Arianne looked sly for a moment, as if she’d outsmarted me in a game of cards. ‘It’s not healthy putting your head under a falling axe, Parsifal. You could get into trouble.’

 

‘I don’t mind a little trouble, when it looks like you, angel.’

 

‘That’s what you say now. But you haven’t seen me throwing crockery.’

 

‘Volatile, huh?’

 

‘Like my boiling point was on the moon.’

 

‘Smart, too. I’m not sure I’m qualified to be your special counsel, Fräulein Tauber. I don’t know the boiling point on the moon from my own shoe-size.’

 

She glanced down at my feet. ‘I’ll bet you’re a forty-six, right?’

 

‘Mmm-hmm.’

 

‘Then, for a lot of liquids with higher vapour pressures, the boiling point and your shoe-size are probably the same.’

 

‘If that’s true then I’m impressed.’

 

‘Before the war I was a chemistry student.’

 

‘Why did you stop?’

 

‘Lack of money. Lack of opportunity. The Nazis like educated women almost as little as they like educated Jews. They prefer us to stay home polishing the hearth and stirring the pot.’

 

‘Not me.’

 

She tugged my wrist toward her and checked the time on my watch. ‘I have to go back to the cloakroom in a minute.’

 

‘I could wait but I might need to telephone the Reichs-bank to arrange a loan.’

 

‘It might be worth it, Parsifal. I finish at two. You could walk me home if you like. Better still you could drive me, if you have a car.’

 

‘I have a car. I just don’t have any petrol. And I’ll gladly walk you home. But I don’t think Frau Lippert would approve, do you?’

 

‘I said you could walk me home, not up the stairs. But if ever you did walk me up the stairs it’s actually none of her business. And she knows that, too. The other night, she was just mouthing off. If I hadn’t had that sock on the jaw I might have told her to shut up and mind her own business and she would have done.

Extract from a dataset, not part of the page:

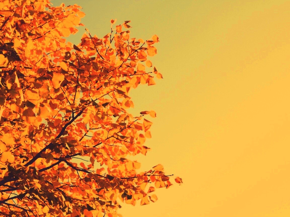 «Ветви с пожелтевшими листьями на фоне неба»

Up to a point. There’s nothing in our agreement that says I can’t have gentlemen friends in my room for a little quiet conversation. It’s hard to hear everything you say in a place like this. You need to speak up. I’m a little deaf.’

 

‘Now you tell me.’

 

‘That’s because last year I was near Kottbusser Strasse when a tame Tommy went off.’

 

A tame Tommy was what Berliners called an unexploded bomb.

 

‘It blew me through the air. Fortunately I landed in some bushes that broke my fall. But, for a few glorious moments, I thought I was dead.’